MAKING EVs ECONOMICALLY VIABLE IS THE PREREQUISITE !!
Shobhna Maheshwari
Brand Manager - Goodricke Group Ltd. (Ecommerce & Digital Marketing)/ Guest Faculty IIM Calcutta
Most important question for success of EVs is to develop a strategy, to make them economically viable especially for small vehicles. The strategy is basically required to address two key variables affecting the costs of EVs: battery costs and fiscal policies that can either increase the costs of an ICE vehicle or decrease the costs of an EV.
Reducing the battery costs means reducing the number of batteries that an electric vehicle needs and making batteries cheaper on a per kilowatt-hour basis.
For the first approach, reducing the cost of batteries needed for a given EV, there are two possible ways:
1. Providing charging infrastructure: The limiting factor of batteries on driving range can be addressed by developing fast-charging or swapping of batteries. This can be managed by creating required infrastructure, possibly after every kilometer, in dense areas. A smaller battery will lower costs by reducing the total weight of the vehicle, resulting in higher energy-efficiency and improved ability to upgrade as the technology evolves.
Charging infrastructure can be rolled out on a city by city basis with select cities and regions leading the transition. This would be consistent with global experience where 33 percent of all EV sales take place in only 14 cities where charging infrastructure is widespread and convenient to use. Approaches for creating effective charging infrastructure are outlined below.
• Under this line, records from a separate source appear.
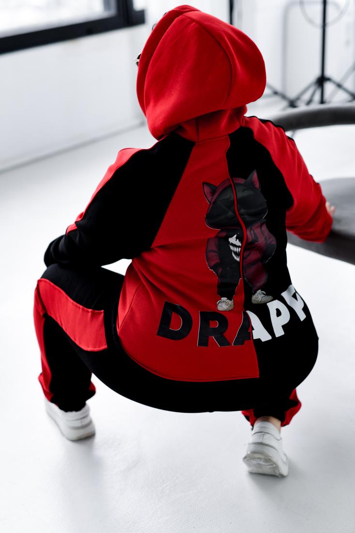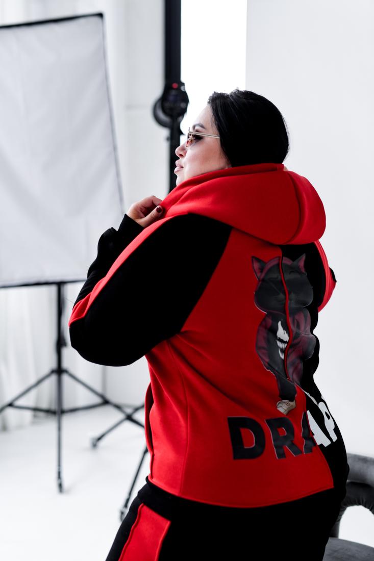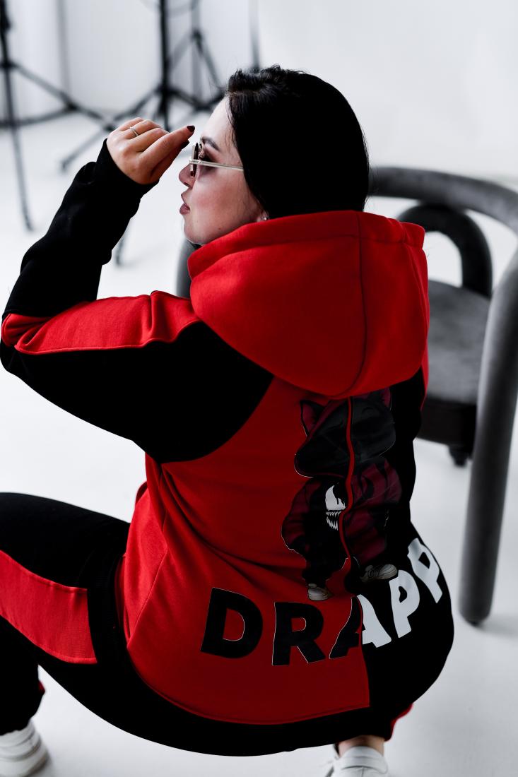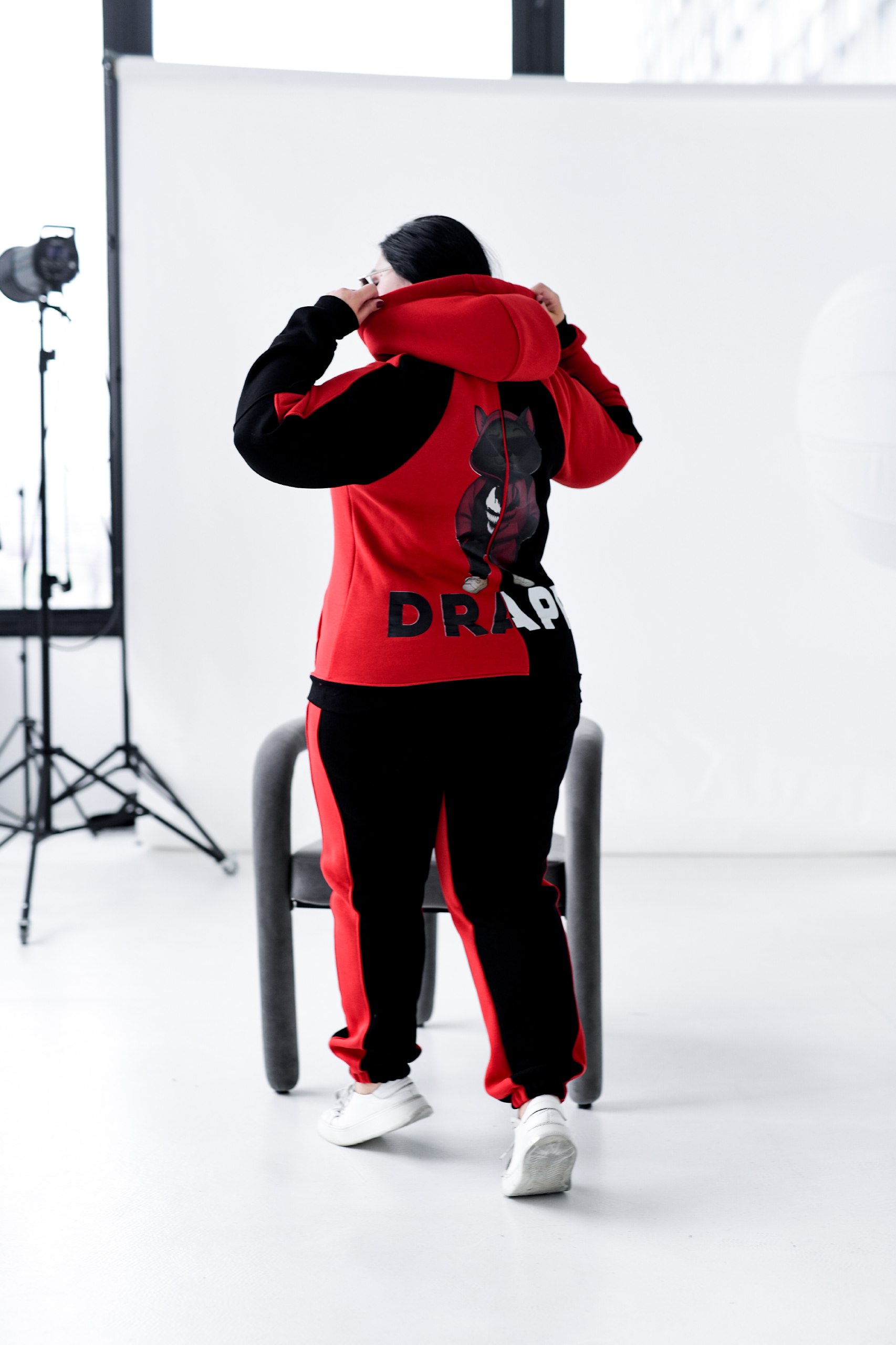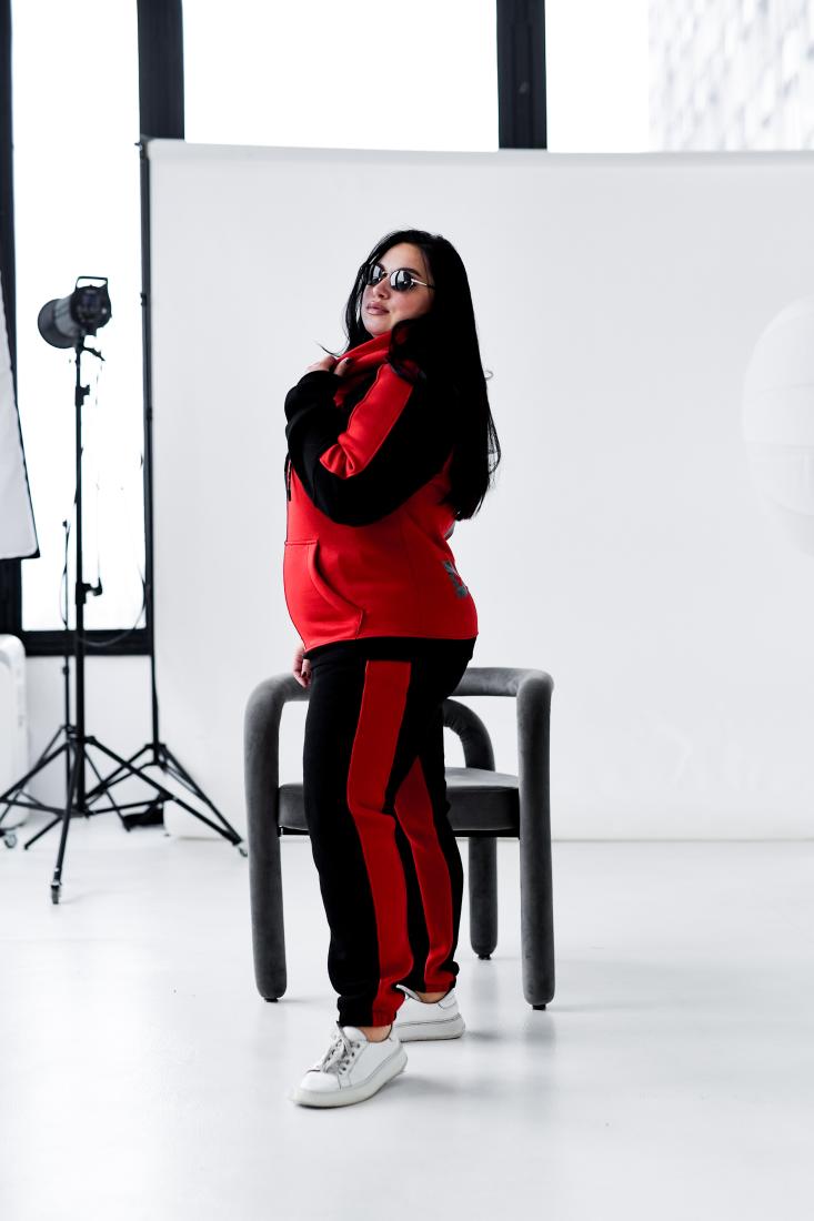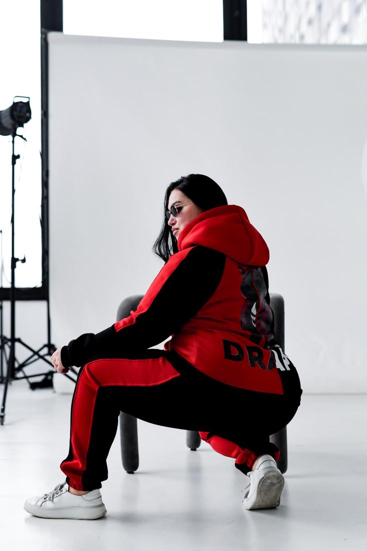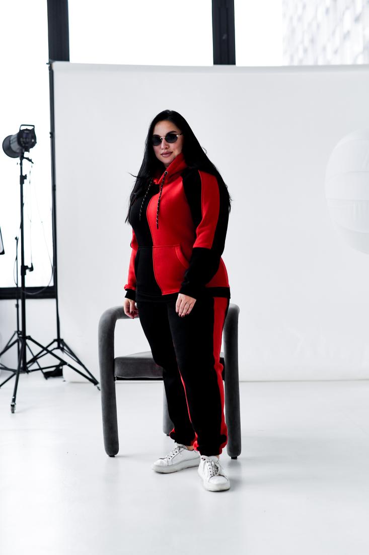 Женский Черно-Красный Спортивный Костюм с Принтом – Утепленный на Флисе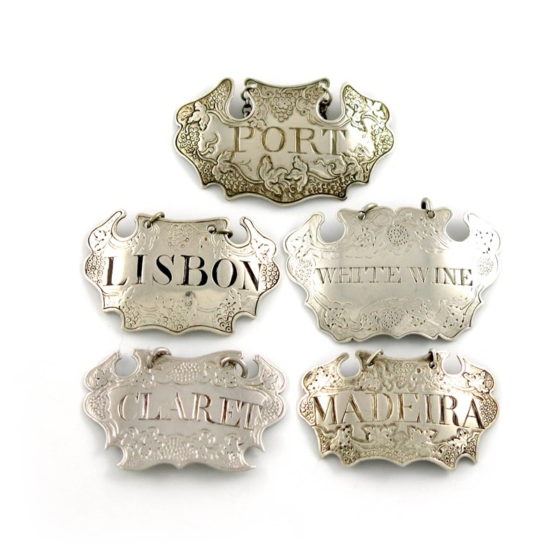 cartouche form, chased vine decoration, incised and blackened 'LISBON' and incised 'PORT', 'WHITE.WINE', 'MADEIRA' and 'CLARET', approx. weight 2oz. (5)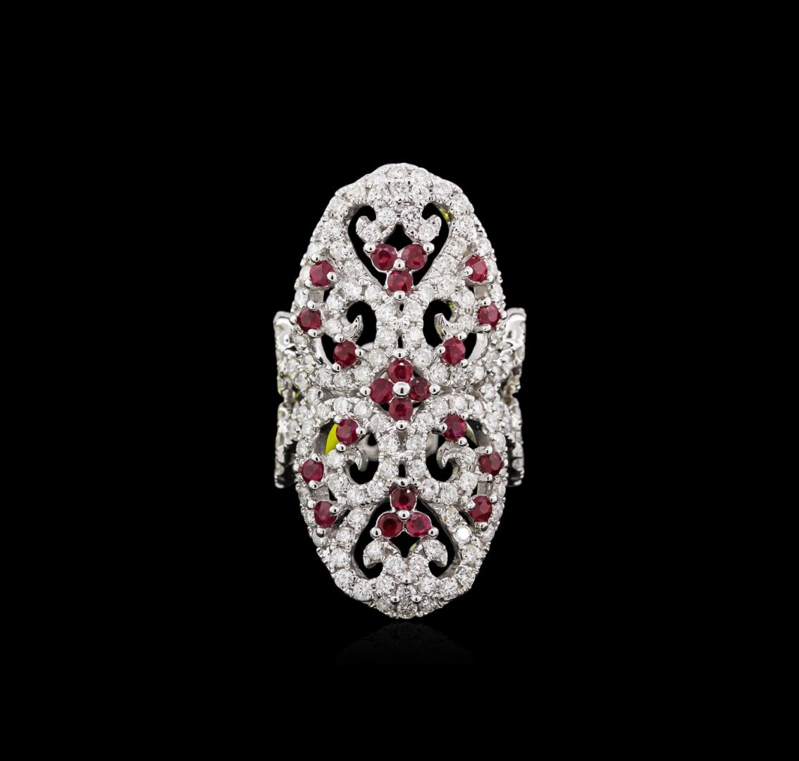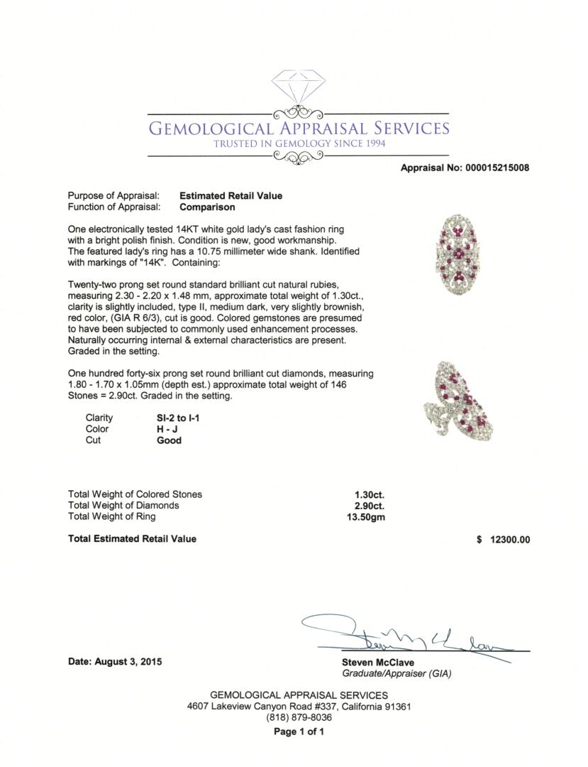 One electronically tested 14KT white gold lady's cast fashion ring with a bright polish finish. The featured lady's ring has a 10.75 millimeter wide shank. Identified with markings of "14K". Condition is new, good workmanship. Containing: Twenty-two prong set round standard brilliant cut natural rubies, measuring 2.30 - 2.20 x 1.48 mm, approximate total weight of 1.30ct., clarity is slightly included, type II, medium dark, very slightly brownish, red color, (GIA R 6/3), cut is good. Colored gemstones are presumed to have been subjected to commonly used enhancement processes. Naturally occurring internal & external characteristics are present. Graded in the setting. One Hundred Forty-Six prong set round brilliant cut diamonds, measuring 1.80 - 1.70 x 1.05mm (depth est.) approximate total weight of 146 Stones = 2.90ct. Graded in the setting. Clarity SI-2 to I-1 Color H - Good Total Weight of Colored Stones 1.30ct. Total Weight of Diamonds 2.90ct. Total Weight of Ring 13.50gm GAS Appraised at $12,300.00.

2. Increasing efficiency of vehicles: To increase vehicle efficiency, it is required to reduce energy consumption. Means enabling the vehicle to travel the same distance on a smaller battery pack. Energy efficiency can be enhanced by using more efficient electric motors using better tyres, enhancing the aero dynamics of the vehicles and reducing its weight. This would reduce battery size needed for a certain range.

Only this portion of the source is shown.